Mais pour Frédéric Laurin, professeur en économie à l'Université du Québec à Trois-Rivières, le problème du Parti conservateur consistait en l'absence d'un plan concret pour stimuler la croissance.

«La crise de 2008 a achevé les secteurs qui étaient en difficulté», explique-t-il. «Nous sommes en processus de diversification industrielle et ça prend du temps à se résorber.»

«Les conservateurs ont des idées économiques», poursuit M. Laurin. «Ils baissent les impôts, ils luttent contre le déficit, mais ils n'ont pas une stratégie économique. Ils utilisent des petites mesures ciblées, mais il n'y a pas de stratégie, en particulier pour le secteur manufacturier. C'est problématique, car ça prendrait une stratégie d'innovation pour appuyer le secteur manufacturier, parce que c'est l'avenir.»

«La plupart des pays qui fonctionnent bien ont une vraie stratégie, qui va au-delà de: On baisse les impôts et on prie», image-t-il. «La France a une stratégie de pôles de compétitivité, les Suédois ont une stratégie d'innovation excessivement importante, liée à l'éducation. Les Allemands ont une stratégie d'innovation et de formation de la main-d'oeuvre absolument fabuleuse, qui fait en sorte qu'ils peuvent concurrencer les Chinois sur la fabrication.»

Ceci dit, M. Laurin convient qu'il serait plutôt périlleux de lier cette lacune aux taux d'emploi et d'activité rachitiques en Mauricie, des phénomènes structurels qui résistent au temps et aux gouvernements.

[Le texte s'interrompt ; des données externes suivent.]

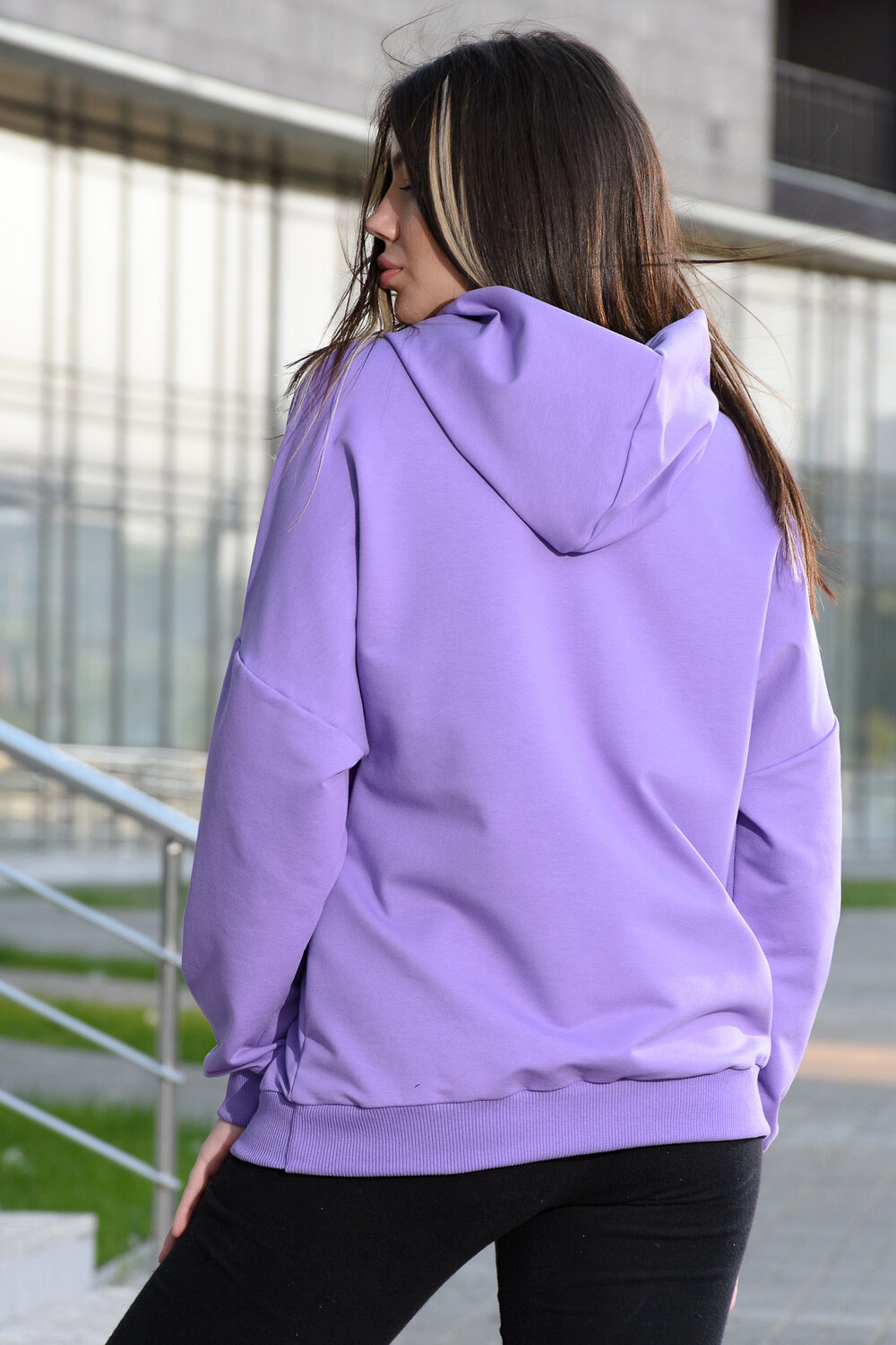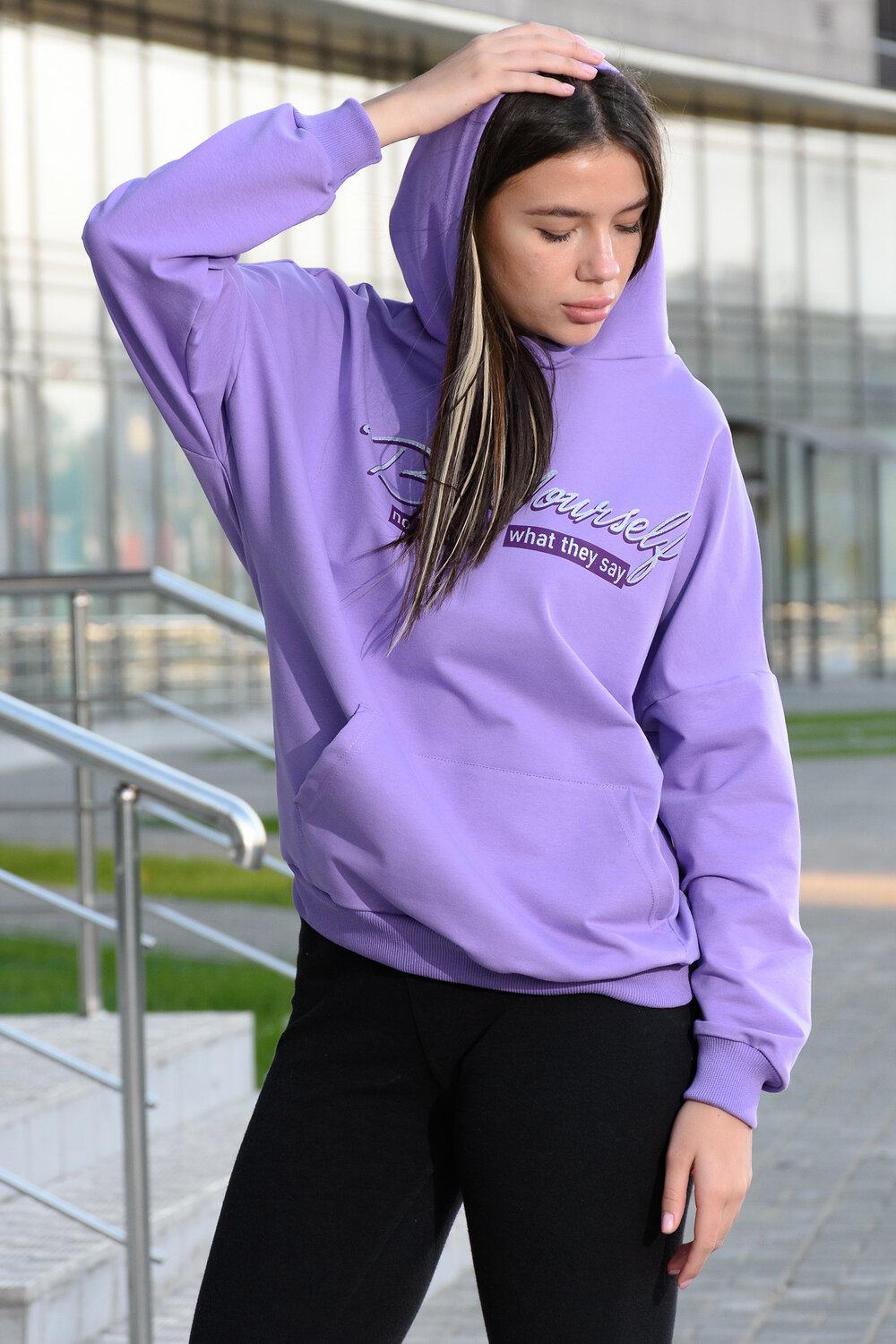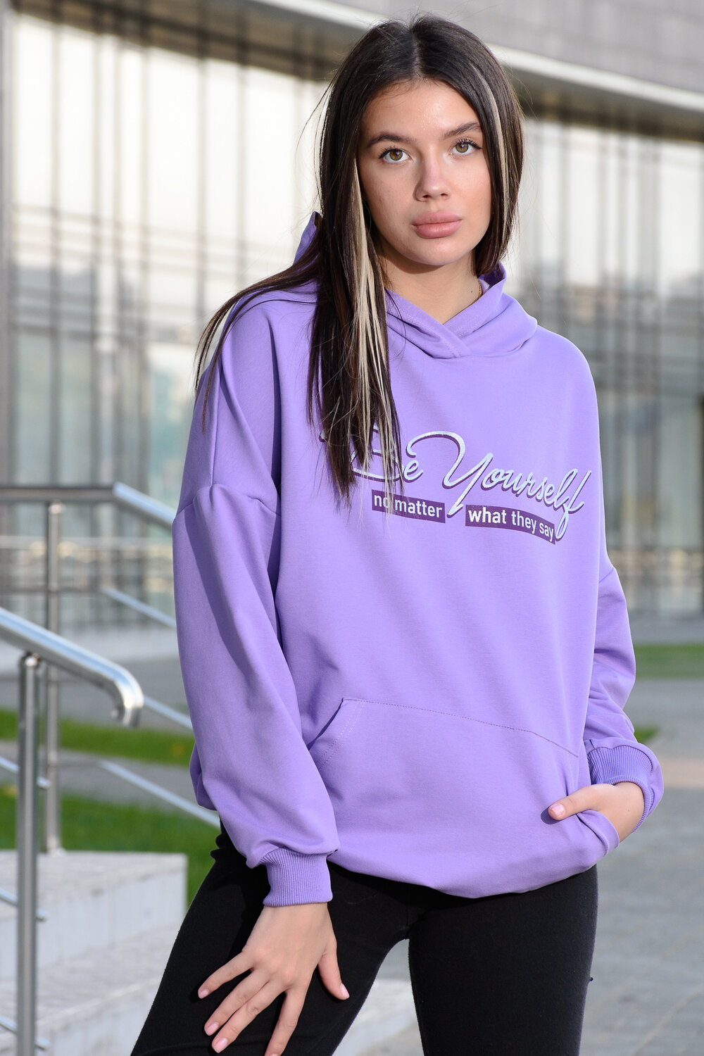 Фиолетовая мода. Слегка удлинённая толстовка в спортивном стиле с карманом кенгуру и капюшоном. Изделие выполнено из футера без начёса. Перевод текста:Будь самим собой и не важно что о тебе говорят. Линия плеча спущена, рукава удлинённые. В измерениях длина рукава указана от шва втачивания капюшона. Манжеты и низ толстовки обработаны плотной резинкой кашкорсе.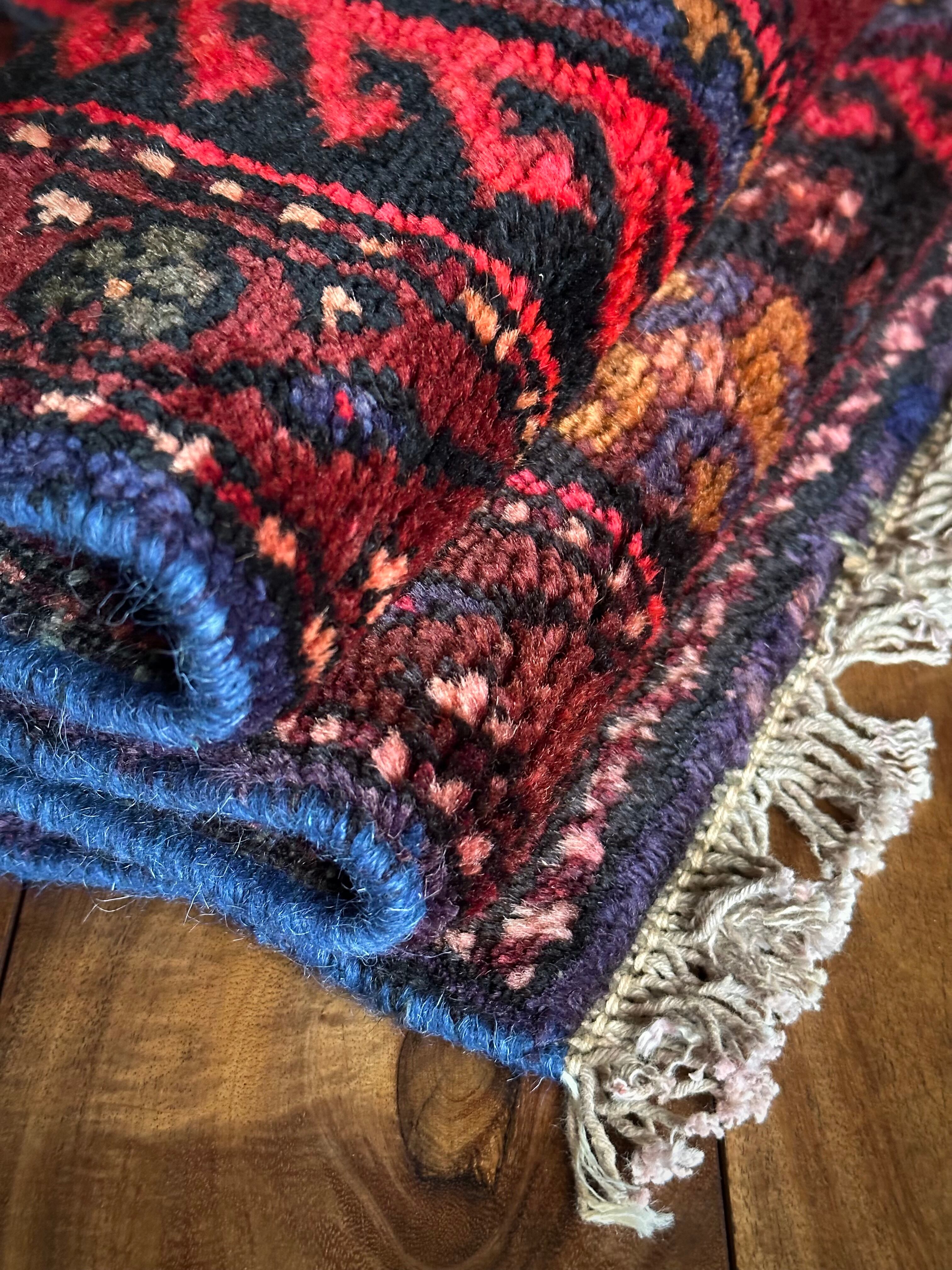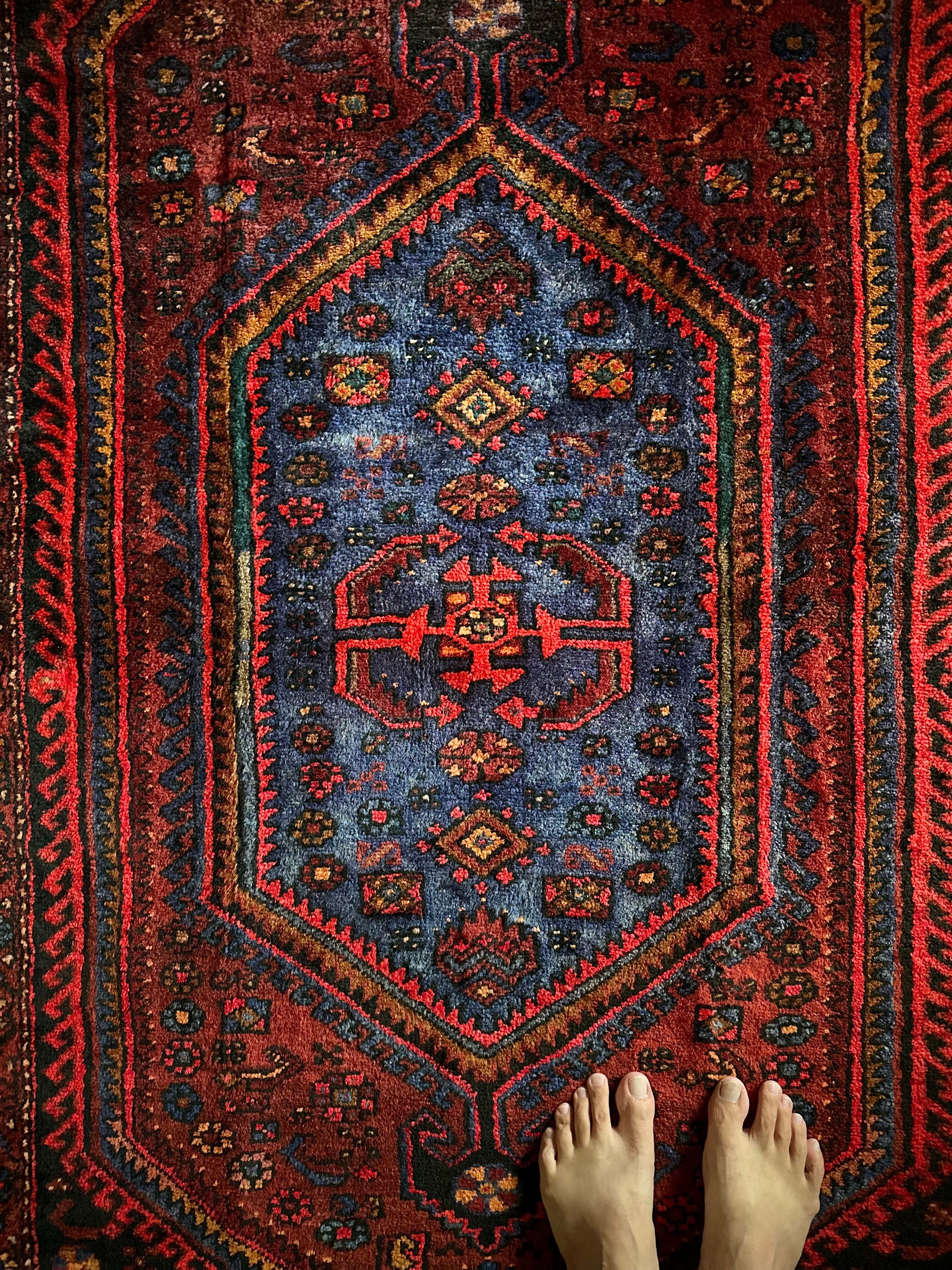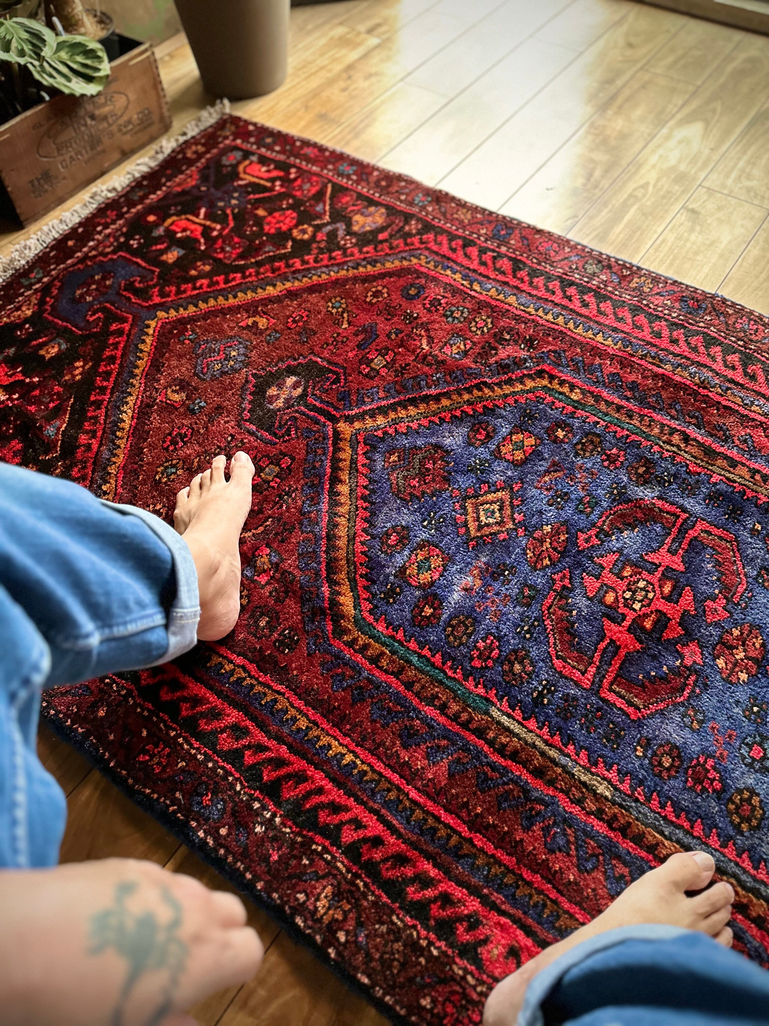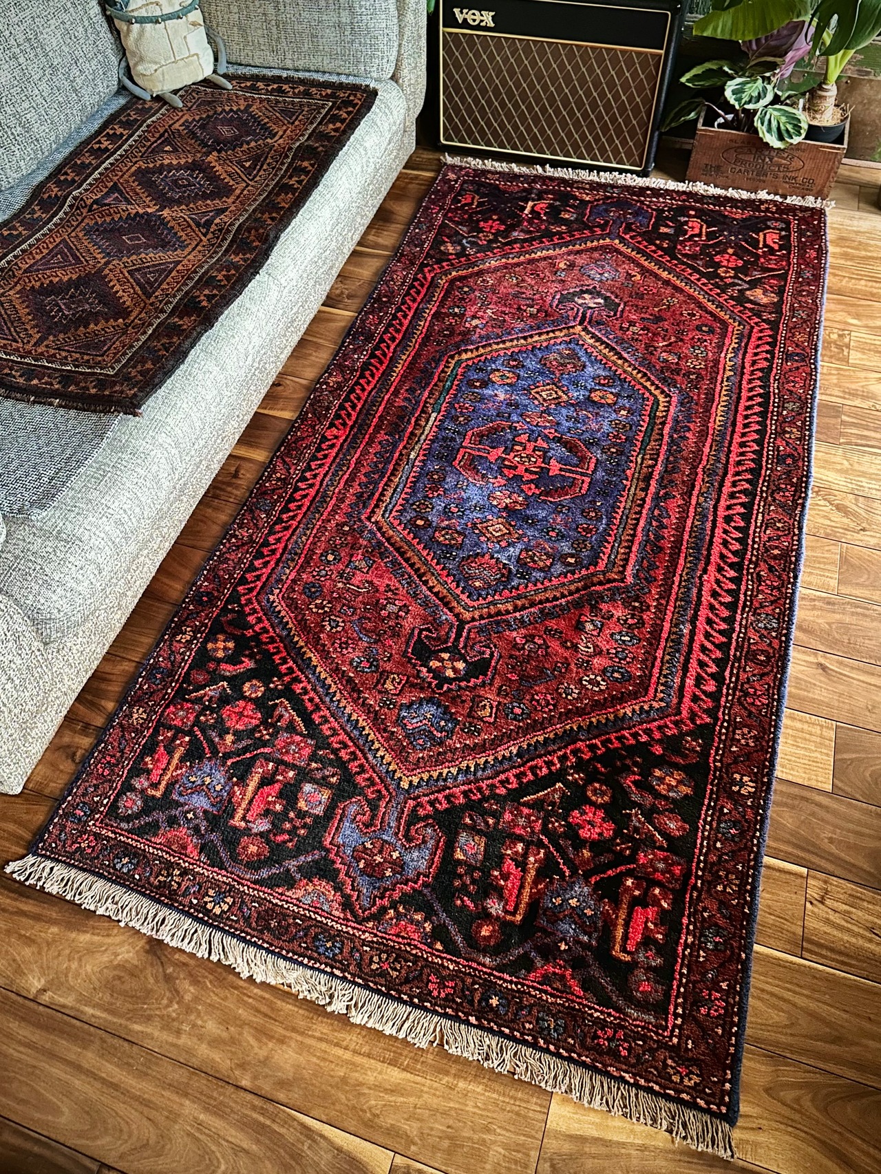 織りはハマダン産と同じくガシッとしたシングル・ウェフトで、10ミリという分厚さに密度がありパイル自体もフサフサした1枚となり、大きさに的には三人掛けソファ前やベッドサイドに適したサイズ感になります。

Par ailleurs, le professeur fait remarquer qu'au plan national, le développement régional n'a pas fait souvent les manchettes dans la campagne électorale qui s'achève.

«Le Canada est un pays excessivement complexe en tant que structure industrielle», comprend-il. «Entre l'Alberta, le Québec, l'Ontario, les Maritimes, ce n'est pas du tout la même chose. Même au sein du Québec, entre ce qui se passe à Montréal et en Mauricie, ce n'est pas du tout pareil. On peut donc avoir une stratégie macroéconomique sur le contrôle des taux d'intérêt par exemple, mais une stratégie industrielle pancanadienne ne ferait pas beaucoup de sens.»

Des organismes comme Développement économique Canada et les Sociétés d'aide au développement des collectivités constituent de bons exemples de décentralisation pour favoriser la réflexion sur des politiques de développement régional efficaces, souligne M. Laurin.